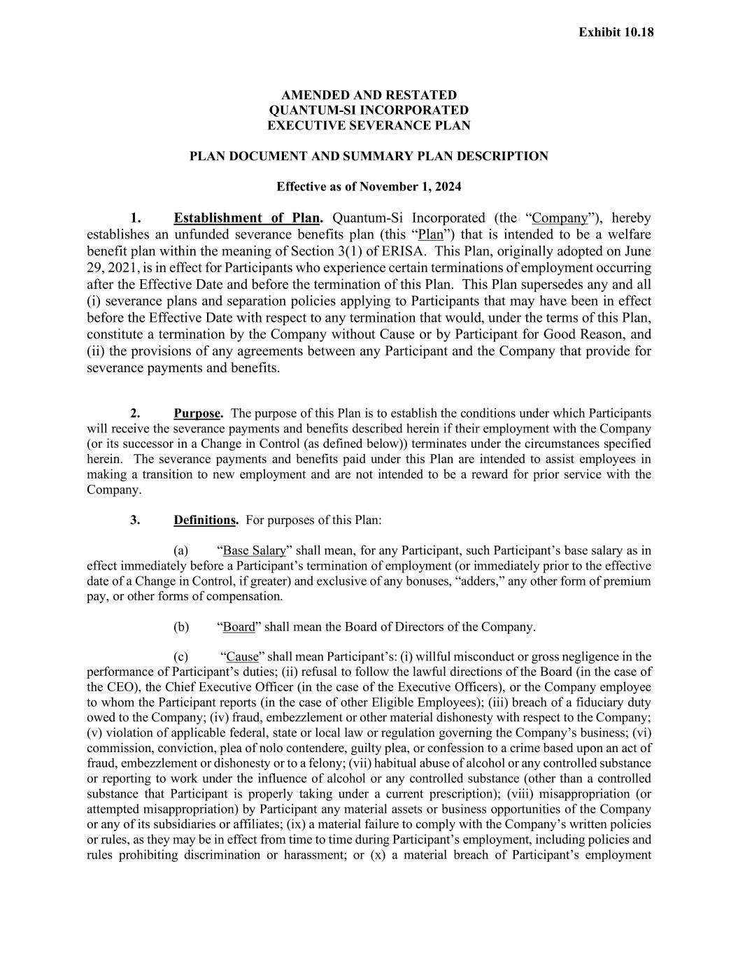 AMENDED AND RESTATED QUANTUM-SI INCORPORATED EXECUTIVE SEVERANCE PLAN PLAN DOCUMENT AND SUMMARY PLAN DESCRIPTION Effective as of November 1, 2024 1. Establishment of Plan. Quantum-Si Incorporated (the “Company”), hereby establishes an unfunded severance benefits plan (this “Plan”) that is intended to be a welfare benefit plan within the meaning of Section 3(1) of ERISA. This Plan, originally adopted on June 29, 2021, is in effect for Participants who experience certain terminations of employment occurring after the Effective Date and before the termination of this Plan. This Plan supersedes any and all (i) severance plans and separation policies applying to Participants that may have been in effect before the Effective Date with respect to any termination that would, under the terms of this Plan, constitute a termination by the Company without Cause or by Participant for Good Reason, and (ii) the provisions of any agreements between any Participant and the Company that provide for severance payments and benefits. 2. Purpose. The purpose of this Plan is to establish the conditions under which Participants will receive the severance payments and benefits described herein if their employment with the Company (or its successor in a Change in Control (as defined below)) terminates under the circumstances specified herein. The severance payments and benefits paid under this Plan are intended to assist employees in making a transition to new employment and are not intended to be a reward for prior service with the Company. 3. Definitions. For purposes of this Plan: (a) “Base Salary” shall mean, for any Participant, such Participant’s base salary as in effect immediately before a Participant’s termination of employment (or immediately prior to the effective date of a Change in Control, if greater) and exclusive of any bonuses, “adders,” any other form of premium pay, or other forms of compensation. (b) “Board” shall mean the Board of Directors of the Company. (c) “Cause” shall mean Participant’s: (i) willful misconduct or gross negligence in the performance of Participant’s duties; (ii) refusal to follow the lawful directions of the Board (in the case of the CEO), the Chief Executive Officer (in the case of the Executive Officers), or the Company employee to whom the Participant reports (in the case of other Eligible Employees); (iii) breach of a fiduciary duty owed to the Company; (iv) fraud, embezzlement or other material dishonesty with respect to the Company; (v) violation of applicable federal, state or local law or regulation governing the Company’s business; (vi) commission, conviction, plea of nolo contendere, guilty plea, or confession to a crime based upon an act of fraud, embezzlement or dishonesty or to a felony; (vii) habitual abuse of alcohol or any controlled substance or reporting to work under the influence of alcohol or any controlled substance (other than a controlled substance that Participant is properly taking under a current prescription); (viii) misappropriation (or attempted misappropriation) by Participant any material assets or business opportunities of the Company or any of its subsidiaries or affiliates; (ix) a material failure to comply with the Company’s written policies or rules, as they may be in effect from time to time during Participant’s employment, including policies and rules prohibiting discrimination or harassment; or (x) a material breach of Participant’s employment Exhibit 10.18
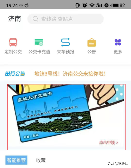 打开369出行APP,在首页点击提示申请“泉城人才交通卡”的图片
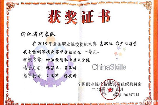 近日,2018年全国职业院校技能大赛(高职组)“农产品质量安全检测”赛项在湖北圆满落幕。代表浙江省参赛的我校应用工程系韩家杰和董浠婷两名同学在比赛中表现优异,荣获团体一等奖。
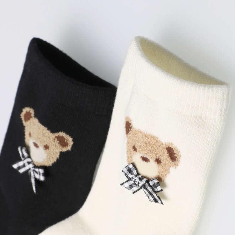 靴下は送料合わせにもピッタリです。対応サイズは14cm(13~15cm)、17cm(16~18cm)、20cm(19~21cm)です!足裏にお名前を書く欄があります!くるくるしたブークレで表現されたくまがかわいいクルー丈のソックスです。首元のチェックのリボンのモチーフがポイントです。【アイテム】雑貨 カジュアル お洒落 オシャレ かっこいい かわいい 可愛い 普段着 デイリーウェア お出かけ 子ども こども 女児 女の子 ガールズ キッズ ベビーサイズ トドラーサイズ 幼稚園 保育園 小学校 通園 通学 小学生 遠足 旅行 2024年春夏物新作 丸高衣料 小物 ブラック 黒色 ホワイト 白色 クマ 動物 アニマル キッズフォーレ
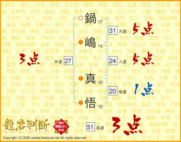 鍋(17画)嶋(14画) 真(10画)悟(10画)
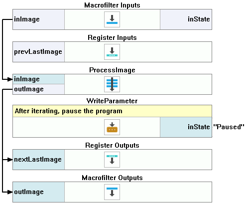• Connect the Image output of the ProcessImage with the nextLastImage register and the macrofilter output.
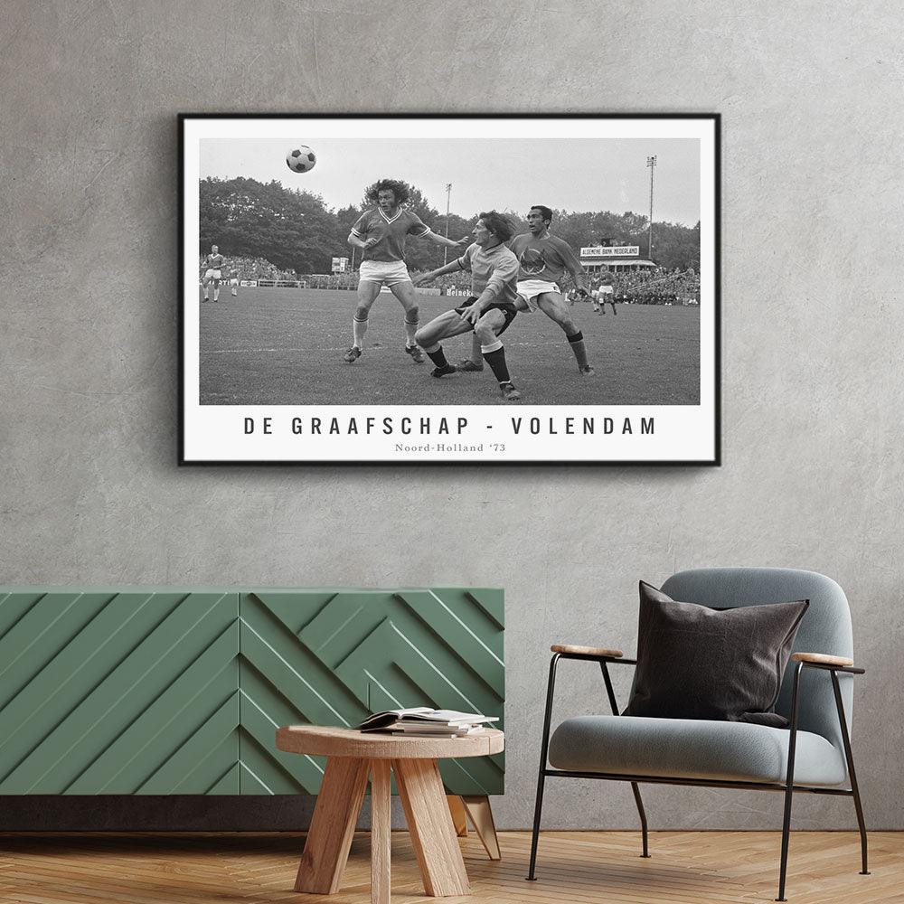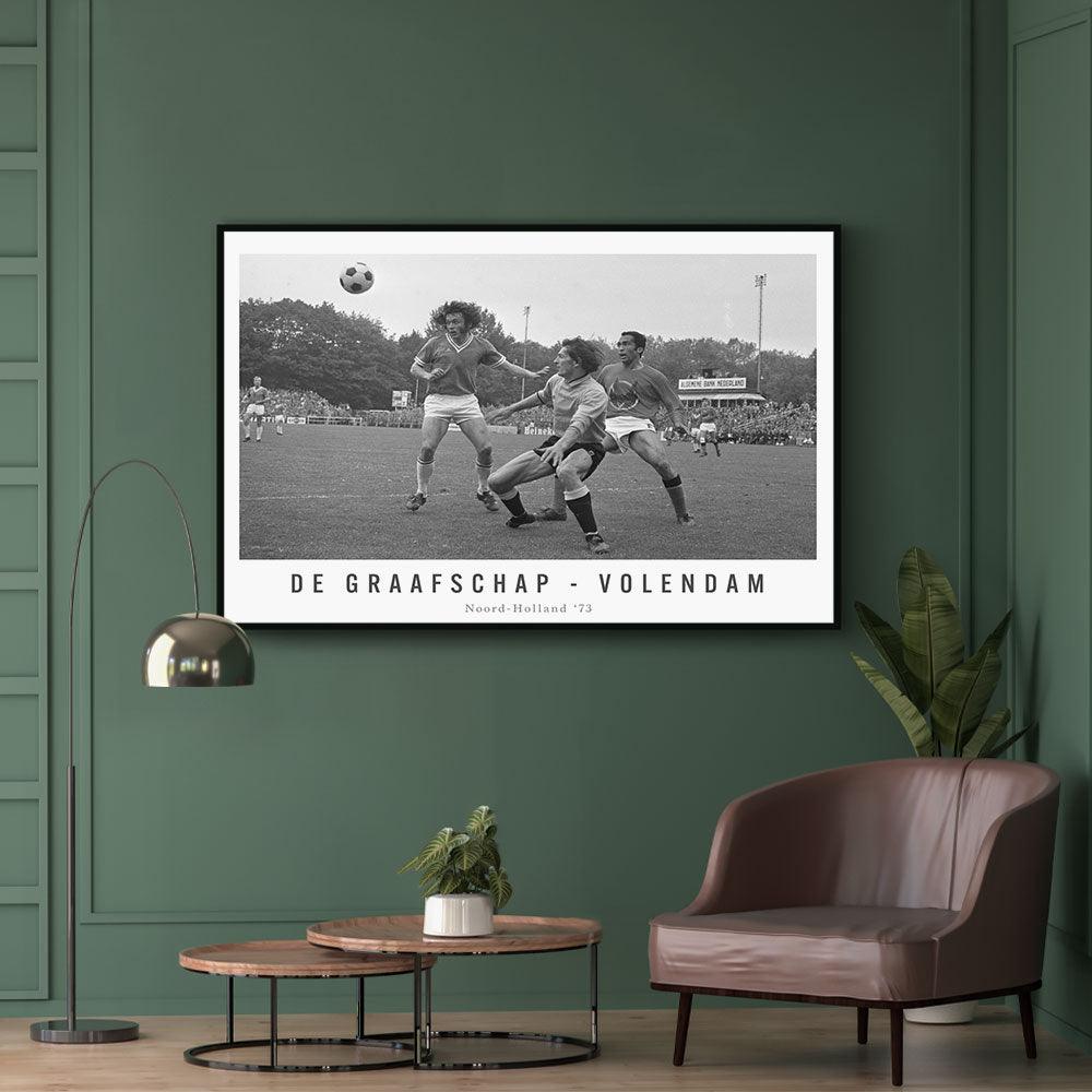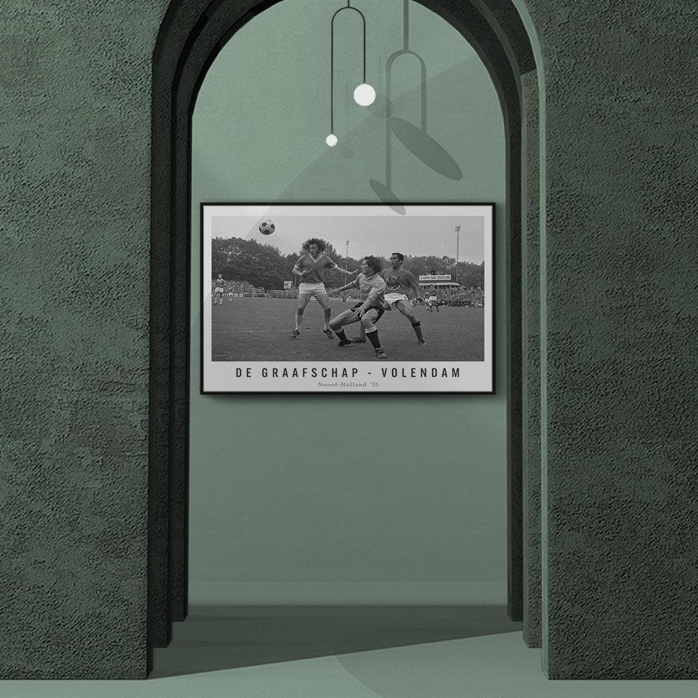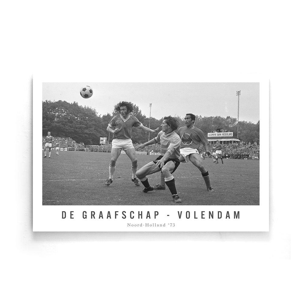 De Graafschap tegen Volendam 1-0. Midden keeper Oosterhout ( De Graafschap ), rechts Ferreira. Deze prachtige print geeft sfeer in jouw omgeving! De print is gedrukt met een witte rand die het ontwerp mooi inkadert. Het ontwerp is te verkrijgen op poster, canvas en plexiglas.
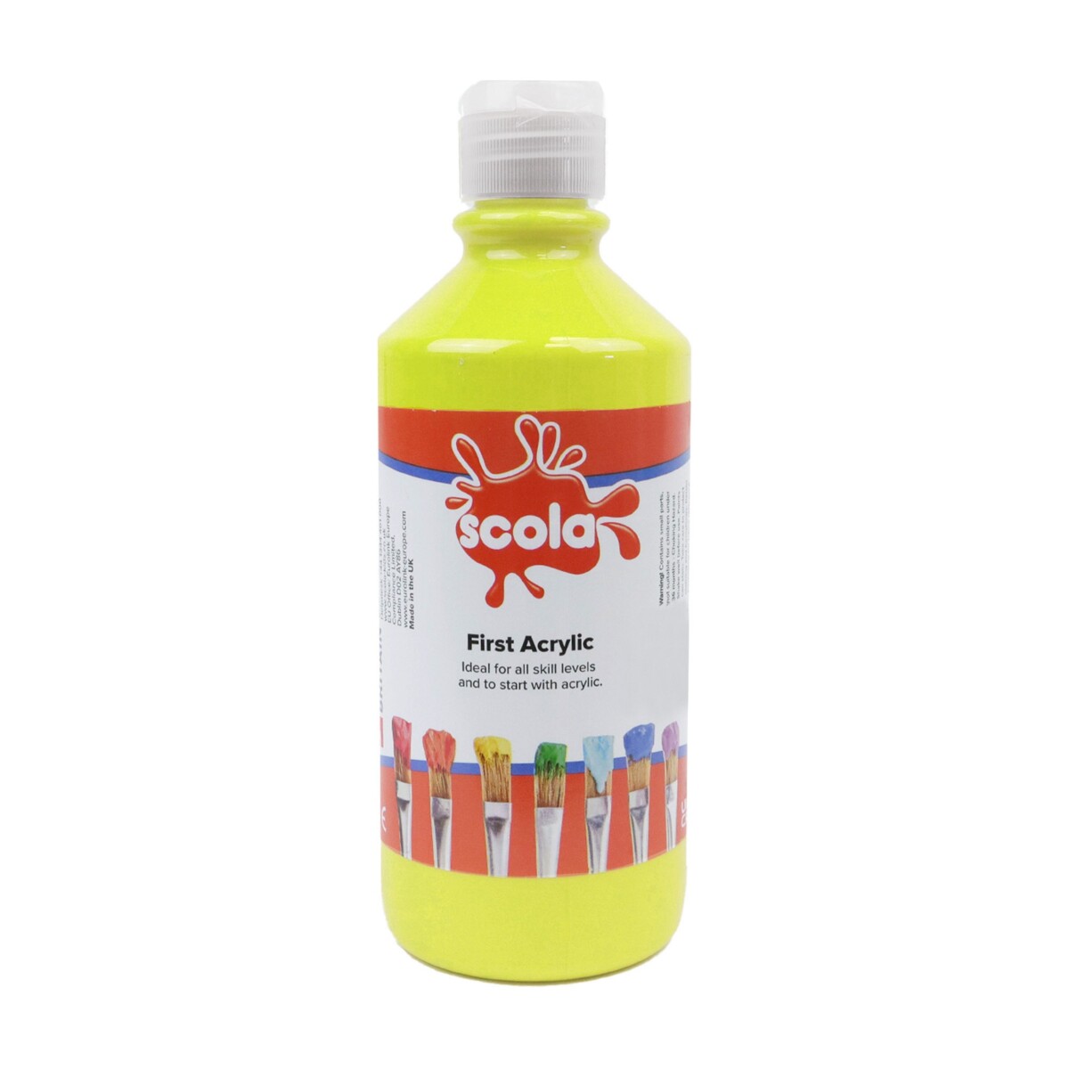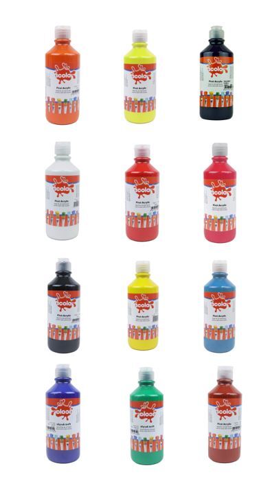 5x500 ml. Vattenbaserad och ljushärdig akrylfärg med hög pigmenthalt. Kan användas på de flesta underlag som pannå, målarduk, papper, trä och lera. Penslar och verktyg rengörs i vatten omedelbart innan färgen torkar. Ger en halvblank och vattenfast yta. Torktid ca 15 min. Färgen kan smeta av sig innan den är helt torr, skydda alltid kläder och ömtåliga ytor. Komplett uppsättning för färglära av vår akrylfärg innehåller 1 flaska av varje primary yellow, magenta, cyan, black och white.
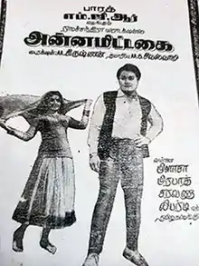 Annamitta Kai (transl.The hand that feeds) is a 1972 Indian Tamil-language film written by G. Subramanium and directed by M. Krishnan Nair, starring M. G. Ramachandran, Jayalalithaa and Bharathi. It was produced by Ramachandra Productions, owned by M. S. Sivaswamy. Annamitta Kai was Ramachandran's last black and white film.[2]
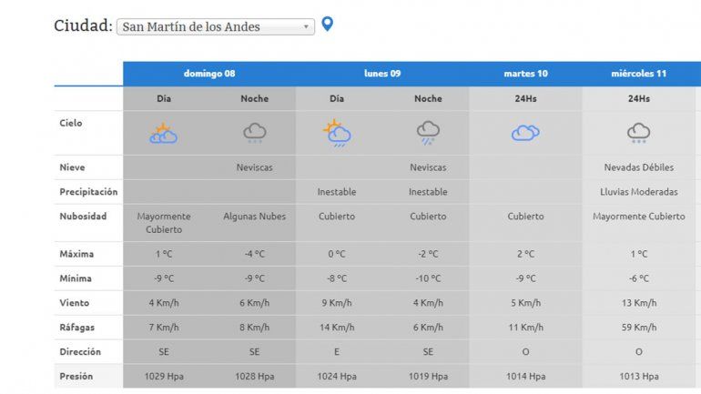 En Junín de los Andes el viernes se presenta con neviscas débiles y precipitaciones, con una máxima de un grado y una mínima de cuatro bajo cero. El sábado estará nublado, con algunas nevadas durante la mañana y una temperatura de entre 4 y -6°C. Estas condiciones y registros térmicos se mantendrán para domingo y lunes.
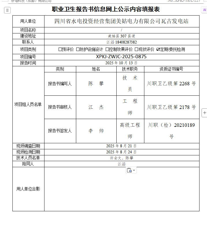 成都大信智慧交通科技有限公司职业病危害因素定期检测
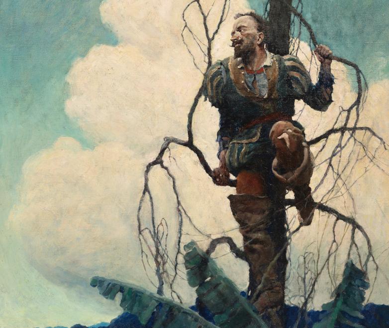 Detail from N.C. Wyeth’s When Drake Saw for the First Time the Waters of the South Sea, 1906. Estimate: $200,000-400,000
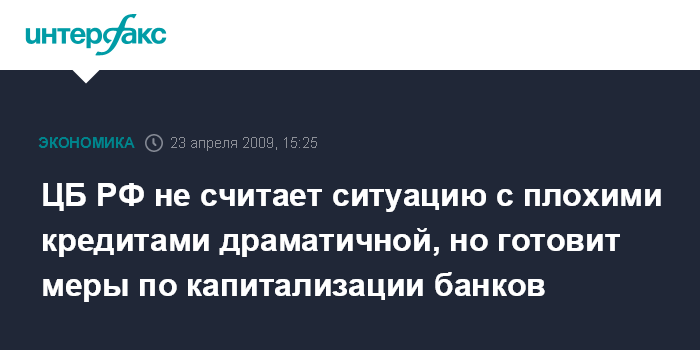 Москва. 23 апреля. INTERFAX.RU - ЦБ РФ не считает ситуацию с плохими кредитами драматичной, но на случай возникновения такой необходимости готовит меры по капитализации банков, заявил первый заместитель председателя ЦБ РФ Алексей Улюкаев в интервью агентству "Интерфакс-АФИ".
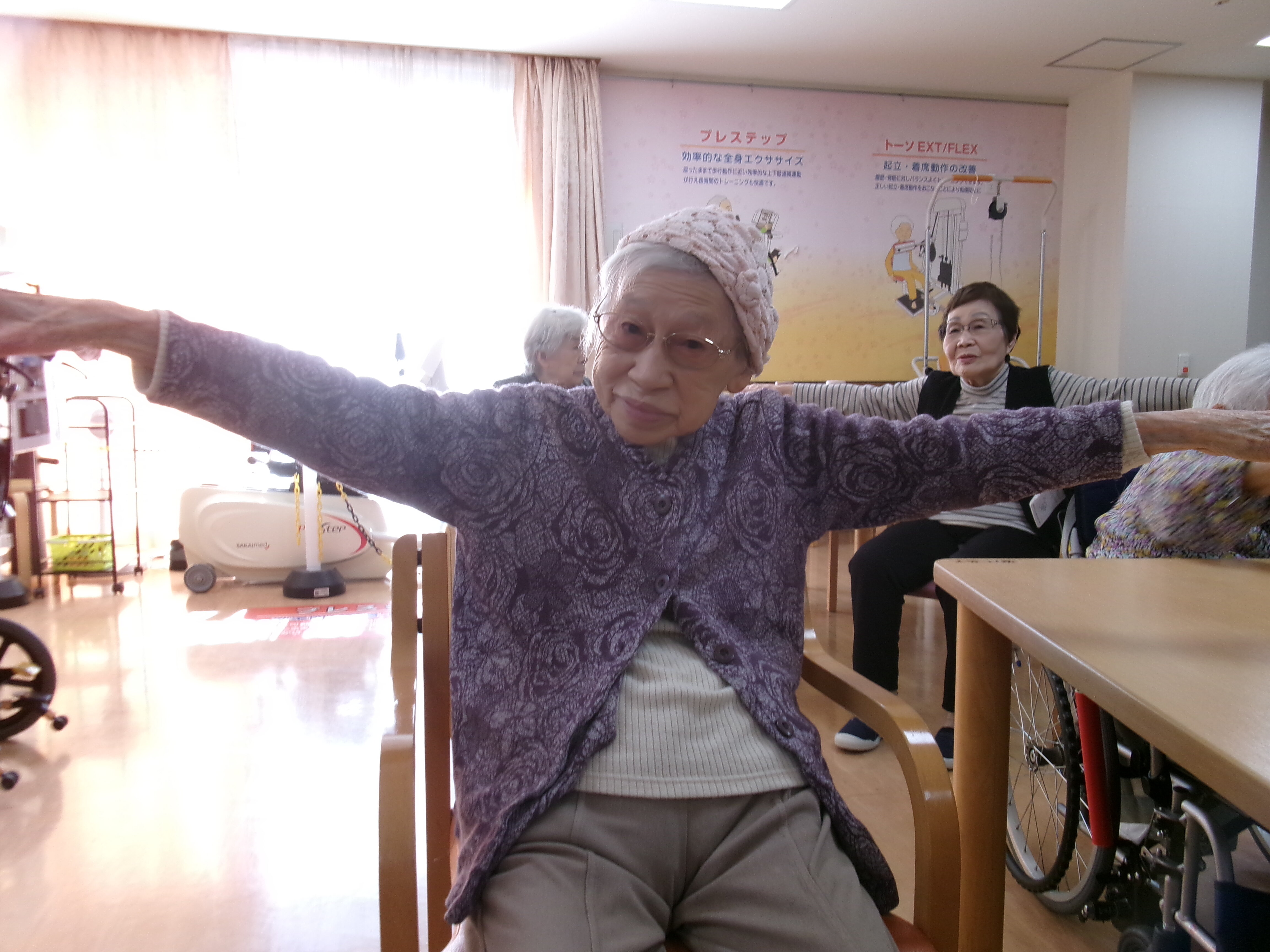皆さん体操の時間に食堂に来られ、一生懸命身体を動かして下さっています☆
....
What to produce => The pictures in the entries should be left out; output everything else exactly.

Solution for this exercise =>
 AMENDED AND RESTATED QUANTUM-SI INCORPORATED EXECUTIVE SEVERANCE PLAN PLAN DOCUMENT AND SUMMARY PLAN DESCRIPTION Effective as of November 1, 2024 1. Establishment of Plan. Quantum-Si Incorporated (the “Company”), hereby establishes an unfunded severance benefits plan (this “Plan”) that is intended to be a welfare benefit plan within the meaning of Section 3(1) of ERISA. This Plan, originally adopted on June 29, 2021, is in effect for Participants who experience certain terminations of employment occurring after the Effective Date and before the termination of this Plan. This Plan supersedes any and all (i) severance plans and separation policies applying to Participants that may have been in effect before the Effective Date with respect to any termination that would, under the terms of this Plan, constitute a termination by the Company without Cause or by Participant for Good Reason, and (ii) the provisions of any agreements between any Participant and the Company that provide for severance payments and benefits. 2. Purpose. The purpose of this Plan is to establish the conditions under which Participants will receive the severance payments and benefits described herein if their employment with the Company (or its successor in a Change in Control (as defined below)) terminates under the circumstances specified herein. The severance payments and benefits paid under this Plan are intended to assist employees in making a transition to new employment and are not intended to be a reward for prior service with the Company. 3. Definitions. For purposes of this Plan: (a) “Base Salary” shall mean, for any Participant, such Participant’s base salary as in effect immediately before a Participant’s termination of employment (or immediately prior to the effective date of a Change in Control, if greater) and exclusive of any bonuses, “adders,” any other form of premium pay, or other forms of compensation. (b) “Board” shall mean the Board of Directors of the Company. (c) “Cause” shall mean Participant’s: (i) willful misconduct or gross negligence in the performance of Participant’s duties; (ii) refusal to follow the lawful directions of the Board (in the case of the CEO), the Chief Executive Officer (in the case of the Executive Officers), or the Company employee to whom the Participant reports (in the case of other Eligible Employees); (iii) breach of a fiduciary duty owed to the Company; (iv) fraud, embezzlement or other material dishonesty with respect to the Company; (v) violation of applicable federal, state or local law or regulation governing the Company’s business; (vi) commission, conviction, plea of nolo contendere, guilty plea, or confession to a crime based upon an act of fraud, embezzlement or dishonesty or to a felony; (vii) habitual abuse of alcohol or any controlled substance or reporting to work under the influence of alcohol or any controlled substance (other than a controlled substance that Participant is properly taking under a current prescription); (viii) misappropriation (or attempted misappropriation) by Participant any material assets or business opportunities of the Company or any of its subsidiaries or affiliates; (ix) a material failure to comply with the Company’s written policies or rules, as they may be in effect from time to time during Participant’s employment, including policies and rules prohibiting discrimination or harassment; or (x) a material breach of Participant’s employment Exhibit 10.18
 打开369出行APP,在首页点击提示申请“泉城人才交通卡”的图片
 近日,2018年全国职业院校技能大赛(高职组)“农产品质量安全检测”赛项在湖北圆满落幕。代表浙江省参赛的我校应用工程系韩家杰和董浠婷两名同学在比赛中表现优异,荣获团体一等奖。
 靴下は送料合わせにもピッタリです。対応サイズは14cm(13~15cm)、17cm(16~18cm)、20cm(19~21cm)です!足裏にお名前を書く欄があります!くるくるしたブークレで表現されたくまがかわいいクルー丈のソックスです。首元のチェックのリボンのモチーフがポイントです。【アイテム】雑貨 カジュアル お洒落 オシャレ かっこいい かわいい 可愛い 普段着 デイリーウェア お出かけ 子ども こども 女児 女の子 ガールズ キッズ ベビーサイズ トドラーサイズ 幼稚園 保育園 小学校 通園 通学 小学生 遠足 旅行 2024年春夏物新作 丸高衣料 小物 ブラック 黒色 ホワイト 白色 クマ 動物 アニマル キッズフォーレ
 鍋(17画)嶋(14画) 真(10画)悟(10画)
• Connect the Image output of the ProcessImage with the nextLastImage register and the macrofilter output.
 De Graafschap tegen Volendam 1-0. Midden keeper Oosterhout ( De Graafschap ), rechts Ferreira. Deze prachtige print geeft sfeer in jouw omgeving! De print is gedrukt met een witte rand die het ontwerp mooi inkadert. Het ontwerp is te verkrijgen op poster, canvas en plexiglas.
 5x500 ml. Vattenbaserad och ljushärdig akrylfärg med hög pigmenthalt. Kan användas på de flesta underlag som pannå, målarduk, papper, trä och lera. Penslar och verktyg rengörs i vatten omedelbart innan färgen torkar. Ger en halvblank och vattenfast yta. Torktid ca 15 min. Färgen kan smeta av sig innan den är helt torr, skydda alltid kläder och ömtåliga ytor. Komplett uppsättning för färglära av vår akrylfärg innehåller 1 flaska av varje primary yellow, magenta, cyan, black och white.
 Annamitta Kai (transl.The hand that feeds) is a 1972 Indian Tamil-language film written by G. Subramanium and directed by M. Krishnan Nair, starring M. G. Ramachandran, Jayalalithaa and Bharathi. It was produced by Ramachandra Productions, owned by M. S. Sivaswamy. Annamitta Kai was Ramachandran's last black and white film.[2]
 En Junín de los Andes el viernes se presenta con neviscas débiles y precipitaciones, con una máxima de un grado y una mínima de cuatro bajo cero. El sábado estará nublado, con algunas nevadas durante la mañana y una temperatura de entre 4 y -6°C. Estas condiciones y registros térmicos se mantendrán para domingo y lunes.
 成都大信智慧交通科技有限公司职业病危害因素定期检测
 Detail from N.C. Wyeth’s When Drake Saw for the First Time the Waters of the South Sea, 1906. Estimate: $200,000-400,000
 Москва. 23 апреля. INTERFAX.RU - ЦБ РФ не считает ситуацию с плохими кредитами драматичной, но на случай возникновения такой необходимости готовит меры по капитализации банков, заявил первый заместитель председателя ЦБ РФ Алексей Улюкаев в интервью агентству "Интерфакс-АФИ".
皆さん体操の時間に食堂に来られ、一生懸命身体を動かして下さっています☆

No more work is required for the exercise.